Dying Scene writers aren’t much different than you Dying Scene readers. Yeah, we have news writing superpowers, but ultimately we are just super fans of the punk genre like the rest of you. And like the rest of you we have our own individual thoughts and opinions and sometimes we just got to get stuff off our chest. Editorial style. So with that in mind, we’d like to remind all of our handsomely toned and intelligent readers that the views expressed in these articles are the author’s and do not necessarily reflect those of the entire Dying Scene staff.
Working at a small town record store, I had the opportunity to meet throngs of people who shared little musical interests with me. Now usually this wouldn’t phase me, but goddamn it, I was working in a record store. Music was our common factor, bringing us together in the name of sonic discovery and commerce. But to my chagrin, the hipsters ruled my town with an iron, elitist fist. And when I wasn’t feigning affection for the latest Fleet Foxes record, I was inevitably tasked with defending my own preferences. It seemed that when I politely responded to queries regarding my musical interests (punk), the only encountered answer was “Oh, like The Catheters?”
No, not like The Catheters.
It’s funny, with all the talk of how punk is commercialized, not many people are really familiar with the genre. I readily admit my horizons aren’t very broad. When I say I listen to punk I mean for people to read between the lines and silently insert the word ‘exclusively.’ But for all my failings as a well versed music listener, I am at the very least aware of what’s happening in different scenes. I know the hipsters like Bon Iver. Metalheads hate metalcore. Casual listeners are into Adele. I’m not oblivious. But how many non-punk enthusiasts do you know that can name even some of the bands that populate our top tier of accessible music? I’m not talking about Green Day, Rise Against, or Blink-182 either; those bands are so big that they crossover into mainstream music without the help or hindrance of the punk label.

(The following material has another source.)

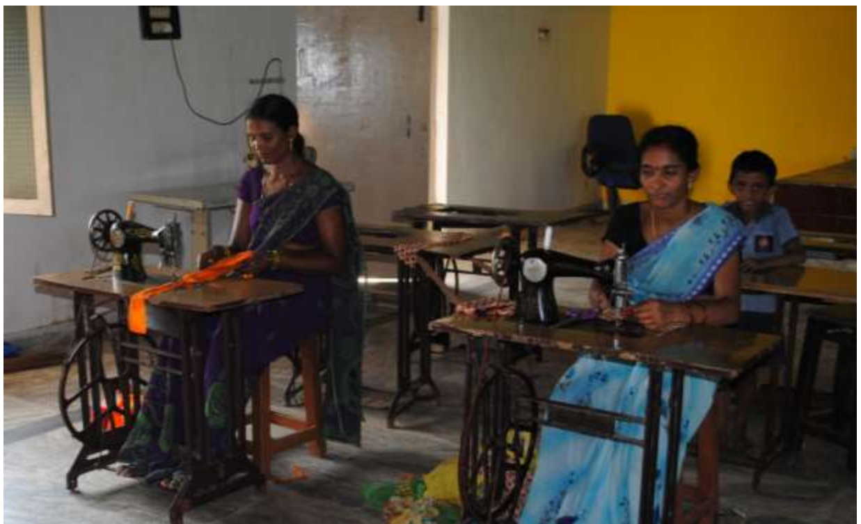
Tailoring training session for women from the Boni Gram Panchayat

Livelihood is key for having access to the basic necessities and an enjoyable standard of living. The main livelihood areas of need in the Mandal involve Self-Help Groups (SHGs), additional livelihood options, and additional skill development opportunities. The main sources of income in the Mandal are daily wage labour and agricultural work. Many people in the Mandal also rely on other income sources, such as pensions. The Mandal has 1,125 SHGs, with 13,834 members, which is almost 23% of the population of Anandapuram. There has been a record of 1,428 linkages of SHGs with one or more types of finance—0% bank linkage, Shree Nidhi linkage, scholarships or any other linkages. There are a total of 5,859 residents availing pensions in the Mandal from OAP, widow, PHC, toddy tappers, weavers, and Abhayastam categories. This means that approximately 10% of the population avails pension facilities. Under the Mahatma Gandhi National Rural Employment Guarantee Scheme, there is a total of 9,948 job card holders in the Mandal. An estimated 90% of the population in the Mandal aspiring for job cards have been given job cards, yet in the Anandapuram Gram Panchayat, a need for additional job cards was voiced. There are 9,453 job seekers and 1,026 families who have completed 100 days of employment under MNREGA. There are 668 SSS groups under MNREGA.

No, I’m talking about the bands everyone knows in the scene. Bands like No Trigger, Hot Water Music, or Banner Pilot. Even the music we tend to condescendingly dismiss as entry level is fairly unheard of outside our own kind. Pennywise and Bad Religion elicit more blank stares than conversation. Instead, we get The Catheters.
So, needless to say, I had to turn to my fellow employees for musical discussion. I found that there was at least one guy who liked Leftover Crack, and while that wasn’t exactly what I wanted, I wondered if it was perhaps what I needed. On a warm and sunny summer afternoon I was hanging out after my shift for no real reason but to talk with someone who shared some of my interests. Idly, my fingers spidered up and down through alphabetized CD spines.
There’s a phrase, a combination of words every punk hears at some point or the other. So ubiquitous in punk rock that they almost define it. I was about to hear these words uttered with the casual conviction they are so often delivered.
My fingers perched on the G’s, my eyes rested on a familiar band name. Uncontrollably, perhaps inevitably, the conversation turned to Green Day. I knew the words before he said them, I could have spoken them in measured unison, perhaps even harmonizing them at this point.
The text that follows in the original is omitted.